SOURCE MATERIAL ::
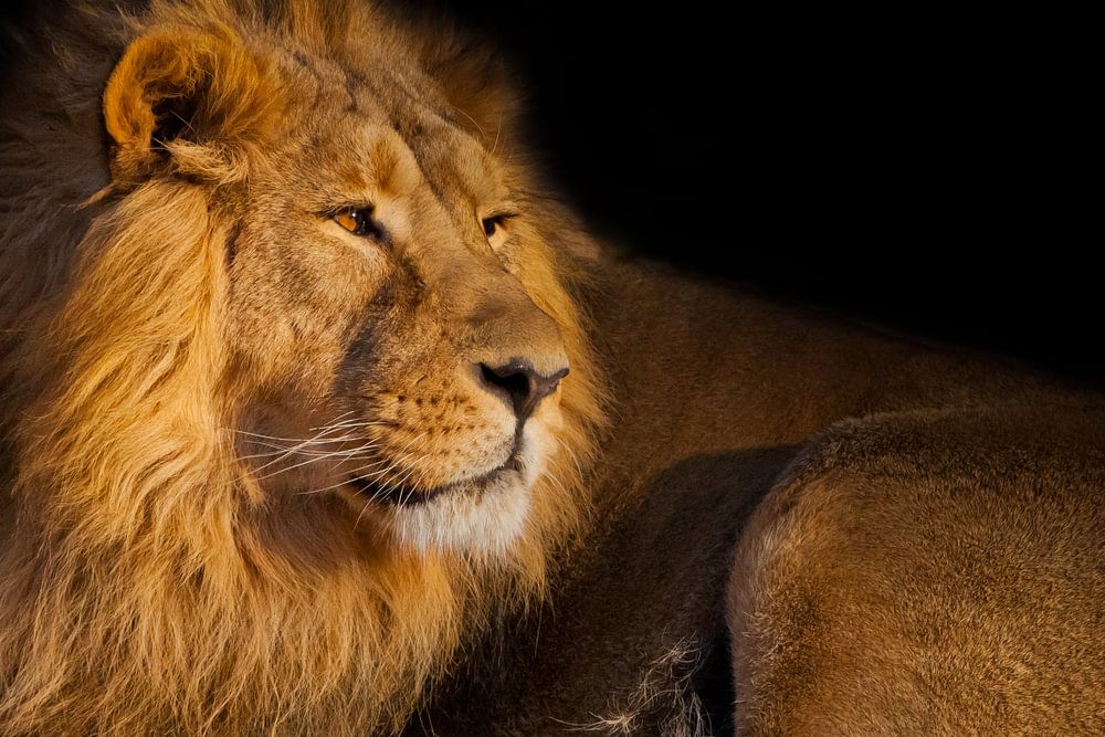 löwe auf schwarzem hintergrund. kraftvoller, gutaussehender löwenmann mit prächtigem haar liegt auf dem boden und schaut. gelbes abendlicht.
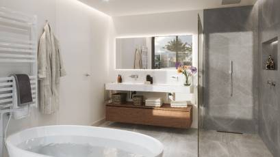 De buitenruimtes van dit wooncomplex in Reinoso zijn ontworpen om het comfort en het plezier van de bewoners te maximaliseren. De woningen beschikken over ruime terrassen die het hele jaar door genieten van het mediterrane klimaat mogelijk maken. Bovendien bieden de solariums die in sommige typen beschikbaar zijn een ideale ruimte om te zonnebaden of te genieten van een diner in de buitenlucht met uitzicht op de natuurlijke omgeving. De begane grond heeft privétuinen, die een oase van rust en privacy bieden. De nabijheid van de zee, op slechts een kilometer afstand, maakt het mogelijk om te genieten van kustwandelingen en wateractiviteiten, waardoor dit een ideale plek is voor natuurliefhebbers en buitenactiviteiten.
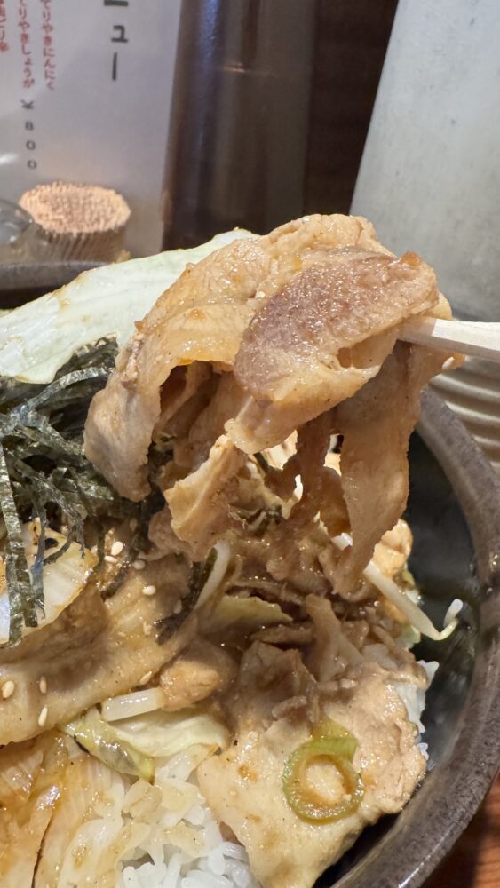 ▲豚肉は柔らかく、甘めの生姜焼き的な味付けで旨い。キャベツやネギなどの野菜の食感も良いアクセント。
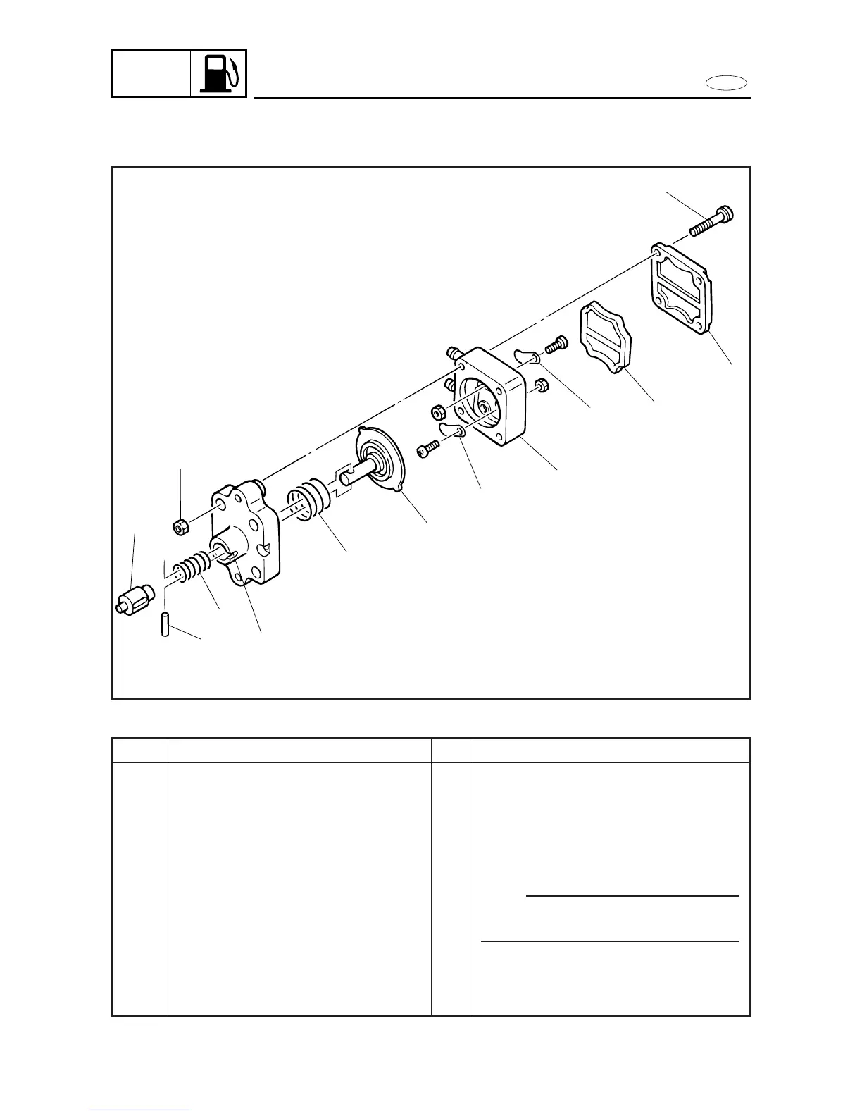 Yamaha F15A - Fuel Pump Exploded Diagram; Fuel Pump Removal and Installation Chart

WHAT YOU NEED TO DO :: Your response must reproduce every line of the data exactly, with images omitted.

THE ANSWER ::
 löwe auf schwarzem hintergrund. kraftvoller, gutaussehender löwenmann mit prächtigem haar liegt auf dem boden und schaut. gelbes abendlicht.
 De buitenruimtes van dit wooncomplex in Reinoso zijn ontworpen om het comfort en het plezier van de bewoners te maximaliseren. De woningen beschikken over ruime terrassen die het hele jaar door genieten van het mediterrane klimaat mogelijk maken. Bovendien bieden de solariums die in sommige typen beschikbaar zijn een ideale ruimte om te zonnebaden of te genieten van een diner in de buitenlucht met uitzicht op de natuurlijke omgeving. De begane grond heeft privétuinen, die een oase van rust en privacy bieden. De nabijheid van de zee, op slechts een kilometer afstand, maakt het mogelijk om te genieten van kustwandelingen en wateractiviteiten, waardoor dit een ideale plek is voor natuurliefhebbers en buitenactiviteiten.
 ▲豚肉は柔らかく、甘めの生姜焼き的な味付けで旨い。キャベツやネギなどの野菜の食感も良いアクセント。
 Yamaha F15A - Fuel Pump Exploded Diagram; Fuel Pump Removal and Installation Chart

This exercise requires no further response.